As far as mistakes go, I've made a lot. But none quite as grave and life threatening as this one.
I'm standing in the kitchen cooking up my favourite dish, chicken and cashew nut. From nowhere I get this gnawing feeling in my stomach that I shouldn't give it to Tricky despite him having been declared "not allergic" to cashews at a previous allergy test*.
But I don't listen to that internal voice. I push down my gut instinct and, with a haughty (and completely judgmental) "I'm not one of those paranoid parents", carry on.
We sit down as a family to eat. I love these moments, the three of us together, talking about our day and reconnecting. Tricky eats one cashew nut and looks unsure of it's texture. We laugh at the funny face he pulls and watch him enthusiastically spoon mound after mound of rice in to his gob. After a pretty standard bedtime routine, I put Tricky to bed without any fuss.
An hour passes and he cries out so I go in to check on him. He is scratching at his knees and elbows furiously - now someone else might have seen that first sign and known straight away something was wrong, but I've lost count of the number of nights Tricky has woken crying and clawing at his eczema so I don't think anything of it.
Instead, I sit with him in the dark, singing and massaging a soothing salve in to his inflamed skin, just as I always do, then leave the room telling him to go back to sleep. He coughs once or twice then falls back to sleep.
A short while later he wakes again, comes out to me wanting cuddles. Because I am still in "get him back to sleep" mode I don't turn a light on... if I had, I would have seen his face was swelling up and his body breaking out in hives. So we cuddle in the dark on the couch and after a few more coughs and being so clingy I decide that he is probably coming down with a cold.
He coughs more. And more.
Less than five minutes pass.
He starts wheezing.
And it all starts clicking in my head. The scratching, the crying, the coughing, the wheezing. This isn't the beginning of a cold, this is an allergic reaction.
We consider calling an ambulance but think that since the allergy test has shown he isn't meant to be allergic, that this must only be a mild reaction, I'll drive him myself.
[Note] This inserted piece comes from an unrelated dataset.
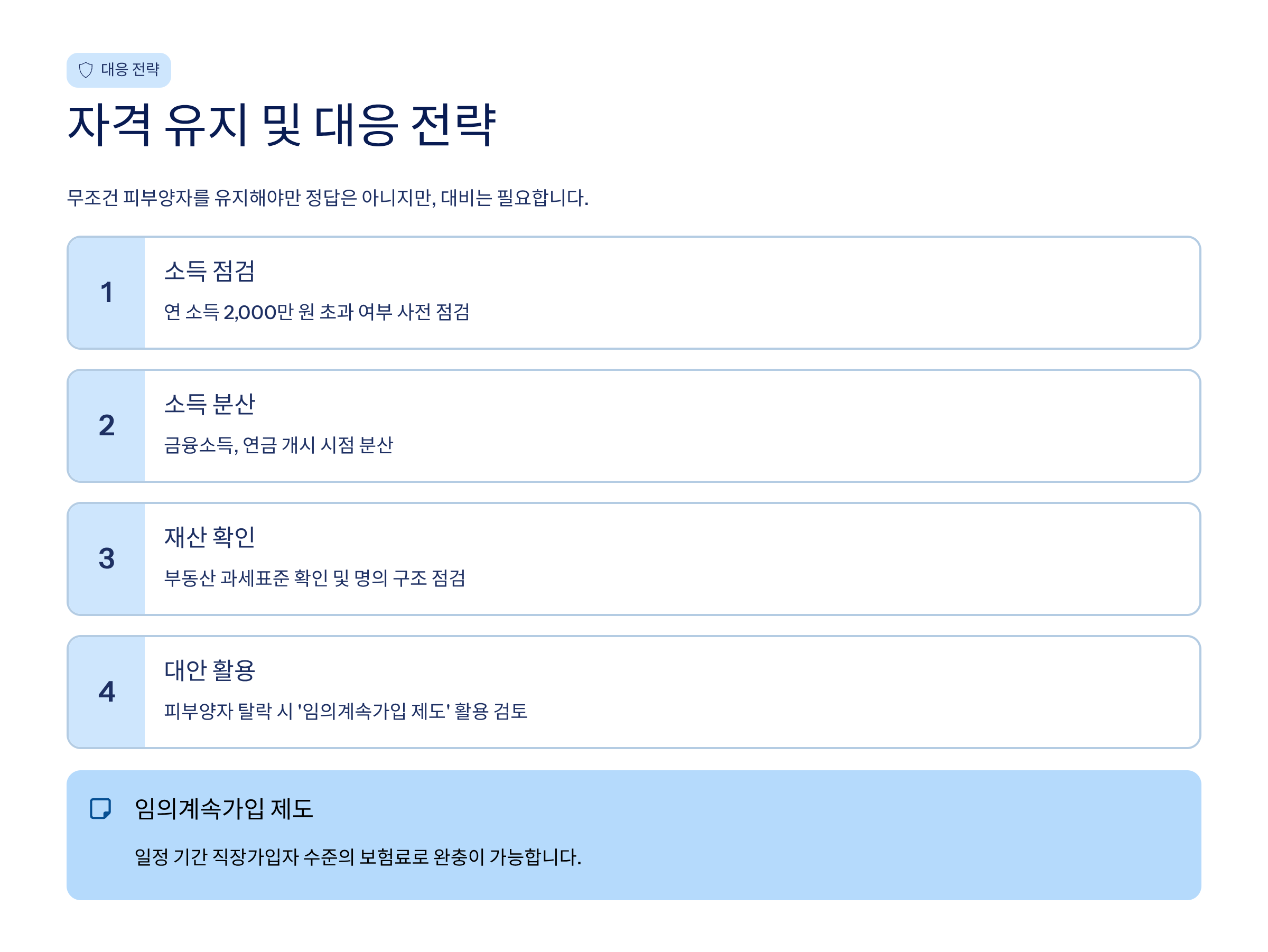 ✔ 피부양자 탈락 시 ‘임의계속가입 제도’ 활용 검토
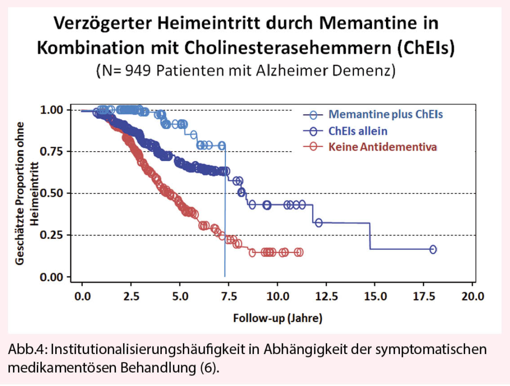 Bevor neue Medikamente zum Einsatz kommen, gilt es grundsätzlich, eine bereits vorhandene allfällige Polypharmazie auf kognitiv beeinträchtigende anticholinerge Substanzen zu überprüfen. Handelt es sich gemäss DSM-5 um «major» kognitive Störungen (Demenz), ist für die Festlegung der medikamentösen Therapie (meist mittels Bildgebung und/oder Biomarker) die dem Prozess zugrundeliegende Neuropathologie entscheidend. Handelt es sich um einen neurodegenerativen Prozess (Alzheimer Erkrankung), sind Stadium-abhängig Ginkgo, Cholinesterasehemmer und Memantine Mittel der ersten Wahl (Abb. 3). Bei dieser symptomatischen Therapie wird (bei frühzeitigem Beginn) der Verlauf der Krankheit bzgl. Funktionalitäts- und Selbständigkeitserhalt massgeblich verbessert. Diese Medikamente wirken ausgesprochen langsam, sind aber dank einer «Number Needed to Treat» (NNT) von unter 10 (für alle drei Substanzklassen!) mit einer hohen Responder-Rate versehen. Im Vergleich zu nicht-behandelten Kontrollpopulationen treten erste klinische Differenzen jedoch erst nach einem Jahr Behandlung auf; diese werden in den weiteren Jahren aber sehr relevant, da die Behandlung zu eindrücklich weniger Pflegeheimeintritten führt (6) (Abb. 4). Hier hat sich v.a. auch die Kombinationstherapie von Memantine mit Cholinesterasehemmer (bei MMSE < 20) als sehr erfolgreich erwiesen. Diese ist in der Schweiz jedoch nur off-label-mässig möglich und wegen einer Limitatio nicht voll von der Grundversicherung übernommen. Trotzdem: viele Patienten tragen (angesichts stark gefallener Antidementiva-Preise) die paar Hundert Franken pro Jahr gerne selber, wenn damit finanziell viel höhere Kosten einer Institutionalisierung gespart werden können. Neben der durch Antidementiva länger erhaltenen Alltagsfunktionalität treten unter dieser Therapie auch signifikant weniger demenz-assoziierte Verhaltensauffälligkeiten auf (Aggression, Schreien, motorische Unruhe etc.).

So I do, picking up my parents on the way for support.
I feel like an idiot, but I'm not too concerned. A quick trip to the hospital and a dose of antihistamines, I think.
On the way there, Tricky gets itchier and he scratches his skin off parts of his arms and neck. What was once a faint hiss of a wheeze becomes louder and louder, clearly audible from the front seat.
Fuck. This is so much worse than I thought.
Triage takes all of two minutes before we are whisked through to a bed with a "we'll get your details in a minute" rush, and straight on to a monitor that showed his oxygen saturation at 89% and his blood pressure very low. What the hell is happening? My little boy is shutting down.
What have I done?
I hold him down while they jab the biggest needle in the world in to his tiny thigh. His scream pierces my soul and I squeeze him even tighter, smothering him with kisses in the vain hope that they'll help. I am barely holding it together when I look up and see my Mum starting to cry. It tips me over the edge and tears spring from my eyes. But they're not sad tears. They're angry tears. Embarrassed tears. Guilty tears.
How could I be so stupid? Why did I ignore that gut instinct? For a moment I let my thoughts run wild. What if he didn't get itchy? He wouldn't have cried and come out for cuddles... his airway would have just closed. Silently, without us knowing. What if, what if, what if?
My blood runs cold.
We're moved to the observation ward to stay the night. I sing and pat Tricky in an attempt to get him to settle, but he is, quite literally, full of adrenaline and isn't having a bar of it.
It's not until much later, in the early hours of the morning when he finally dozes off. He's still attached to the monitor and it alarms every hour or so as his oxygen levels fluctuate. They tell me he's fine, that it's just his sleep cycle, but I cannot look away from it, this machine that goes ping.
I manage to get about an hour of sleep before Tricky decides it is time to start the day.
I'm ladled with information on anaphylaxis and the use of an EpiPen. I'm given brochures and a DVD that I watch on a portable player as Tricky drives toy cars up and down the railings, unaware of how serious the situation is. We're given our EpiPen that he'll have to have with him at all times, a referral to an immunologist and we're told to never have cashews in the house again and avoid anything that contains tree nuts.
They bring us each breakfast. I read the label. May contain traces of tree nuts. Fuck you, world.
*I was told yesterday that initial allergy tests on children who haven't been exposed to an allergen aren't worth the paper they're printed on. The body doesn't always react on the first exposure, as was the case with Tricky, so it was the second exposure that caused anaphylaxis.